Anket: 10 İngiliz’den 4'ü Müslüman göçmenlerin ülkeleri üzerinde olumsuz bir etkisi olduğunu düşünüyor

Birleşik Krallık’ta yapılan bir araştırmaya göre, 10 Müslümandan 7'si işyerlerinde İslamofobik uygulamalara maruz kalıyor. (Sosyal medya)
Birleşik Krallık’ta yapılan bir araştırmaya göre, 10 Müslümandan 7'si işyerlerinde İslamofobik uygulamalara maruz kalıyor. (Sosyal medya)
TT

Anket: 10 İngiliz’den 4'ü Müslüman göçmenlerin ülkeleri üzerinde olumsuz bir etkisi olduğunu düşünüyor

Birleşik Krallık’ta yapılan bir araştırmaya göre, 10 Müslümandan 7'si işyerlerinde İslamofobik uygulamalara maruz kalıyor. (Sosyal medya)
Birleşik Krallık’ta yapılan bir araştırmaya göre, 10 Müslümandan 7'si işyerlerinde İslamofobik uygulamalara maruz kalıyor. (Sosyal medya)
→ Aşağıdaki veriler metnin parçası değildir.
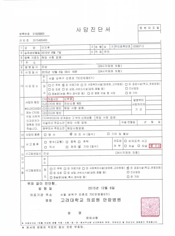 결국 최종 사망진단은

Bir kamuoyu araştırması, her 10 İngiliz’den 4'ünün Müslüman göçmenlerin Birleşik Krallık üzerinde olumsuz bir etkisi olduğunu düşündüğünü ve yarısından fazlasının İslam'ın İngiliz değerleriyle bağdaşmadığına inandığını ortaya koydu.

Birleşik Krallık'taki bir imam, bu sonuçları ‘derinden endişe verici’ olarak nitelendirerek, Birleşik Krallık'ta ‘Müslümanlara karşı yüksek düzeyde düşmanlık duyguları’ olduğunu gösterdiğini söyledi.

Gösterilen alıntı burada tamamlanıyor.